February 10, 2016

Six Republicans seeking U.S. Senate nomination meet in Council Bluffs

Six candidates who’re competing for the Iowa Republican Party’s nomination for the U.S. Senate met tonight in a 90-minute debate in Council Bluffs. It marked the first time retired business executive Mark Jacobs joined the field in that kind of a forum and Jacobs stood out from his competitors when Jacobs said he would have voted for the recent federal budget deal, although he would have sought some changes in it.

“My entire career in the business world has been working with people who had different points of view and figuring out how you bring people together and get things done,” Jacobs said. “…We have to have the right principles, but we also have to have leaders who are able to take those principles and build coalitions and turn those into concrete results.”

Joni Ernst, a state senator and Iowa National Guard soldier, said she would have opposed the budget deal, partly because it reduced military pensions.

“I do believe in working together towards a balanced budget, but as a veteran I will not do it by balancing our budget on the backs of veterans,” Ernst said.

Sam Clovis, a retired soldier who’s taken a sabbatical from his job as a Morningside College professor, said he would not have voted for the two-year budget deal either.

“This is the very problem that we face in Washington, D.C. as we continue to kick the can down the road because we lack leadership,” Clovis said. “We lack leadership on both sides of the aisle, frankly.”

Matt Whitaker, a lawyer who is a former federal prosecutor, would have been a “no” vote, too.

“I would support a budget that makes the tough choices,” Whitaker said. “…I would support a budget that brings fundamental tax reform. You know the tax code has five times the words of the Bible and none of the ‘Good News.'”

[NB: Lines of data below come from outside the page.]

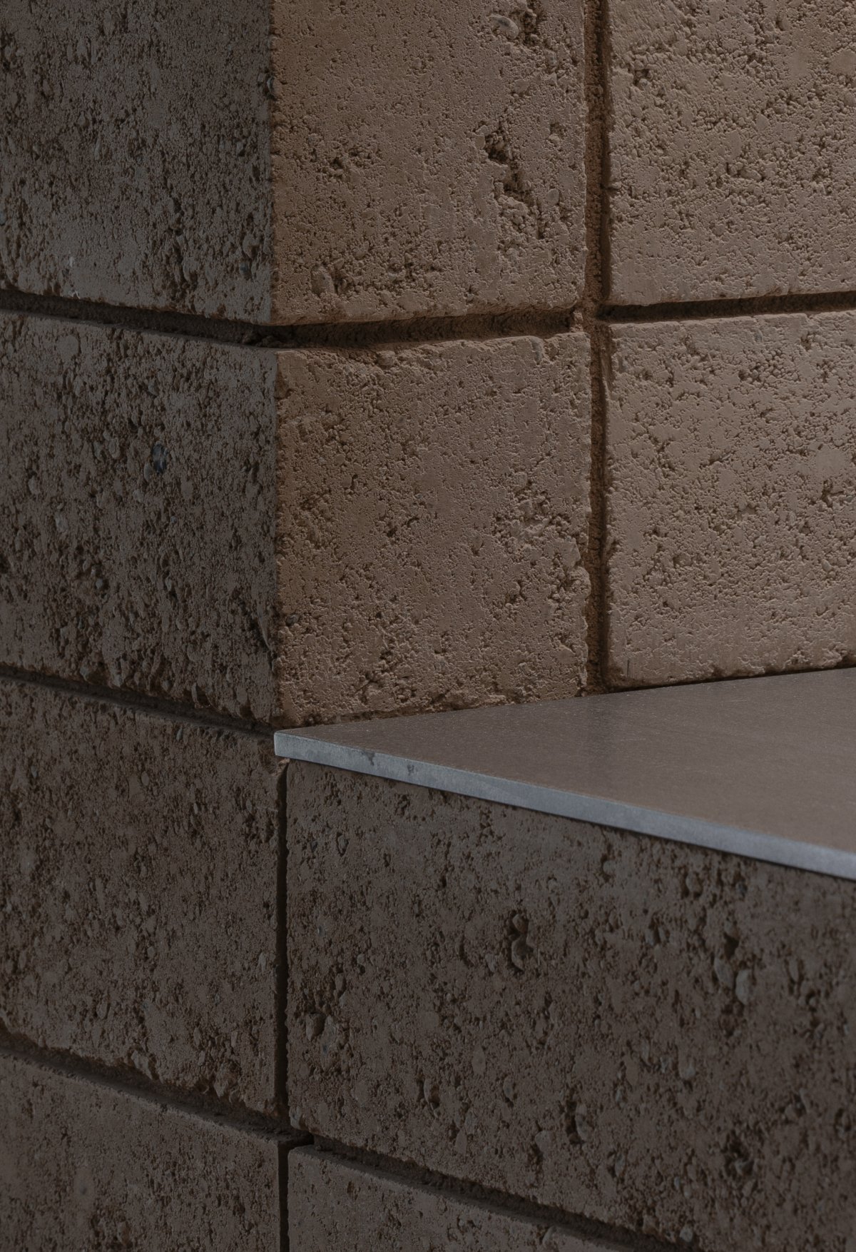 The few colors are mainly found in natural materials such as compressed earth blocks, whose compositions define both the interior and exterior layout. Inside, this material is responsible for dressing the open kitchen and a large bar counter, as well as longitudinally separating the entire service area of the restaurant, which is accessed through three large openings finished in black steel.
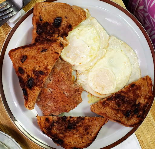 We tried the blueberry pancakes and they were very good also. The other order was the two eggs with sausage and toast. Eggs were perfect, raisin toast delicious, and the huge sausage patty was very good and had a lot of flavor.
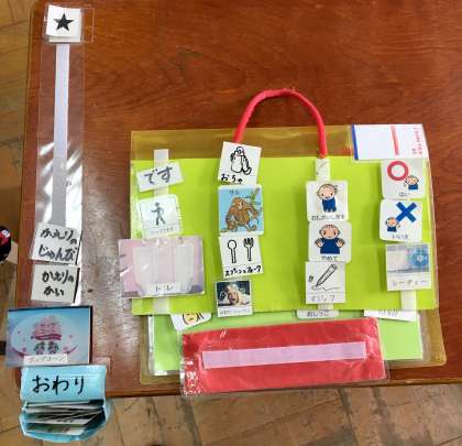 昨年度から,個別スケジュール及び絵や写真カードを使い,指導者側からも視覚支援を使って伝えるようにした。
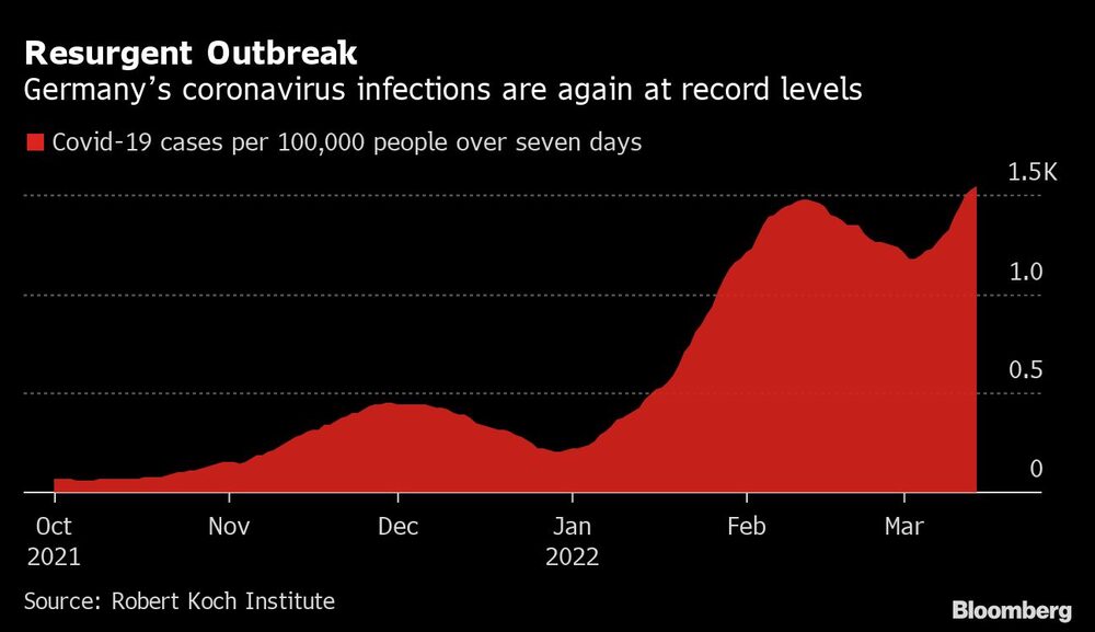 Os casos de covid-19 subiram para 1.543 em cada 100 mil pessoas em sete dias, continuando seu aumento constante desde o início de março, segundo dados do instituto de saúde pública RKI.
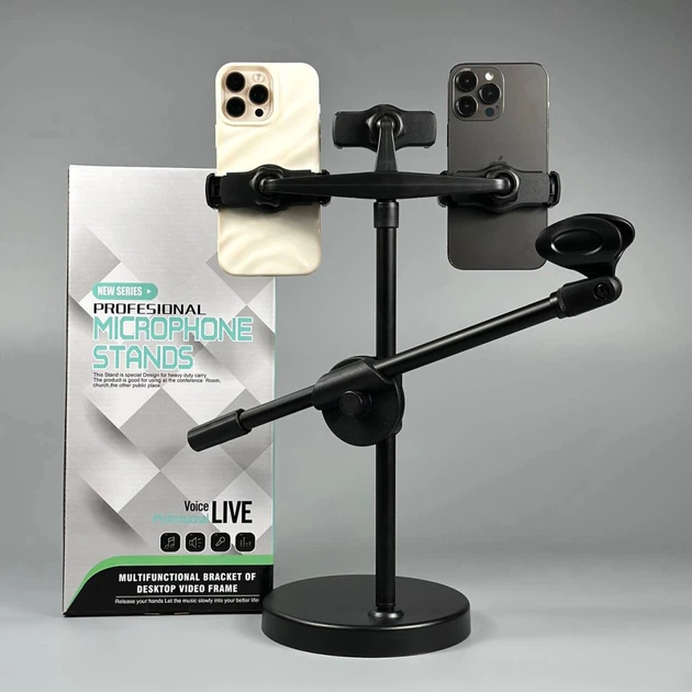 Мікрофонна стійка журавель 42 см з тримачами для двох телефонів Profesional Stands Metal Чорний 57389

Scott Schaben, a former soldier and car salesman, argued the G-O-P must do more to reach out to new blocks of voters, especially “millennials.”

“We have to choose our rhetoric wisely,” Schaben said. “Our competition loves to paint as the party of old, rich, white people out of touch with women and minorities.”

Paul Lunde, a lawyer from Ames, also participated in the debate, arguing the U.S. constitution should be “modernized” with amendments that make Social Security and Medicare permanent.

The event was organized by Pottawattamie County Republicans and broadcast live on WHO and KMA radio stations.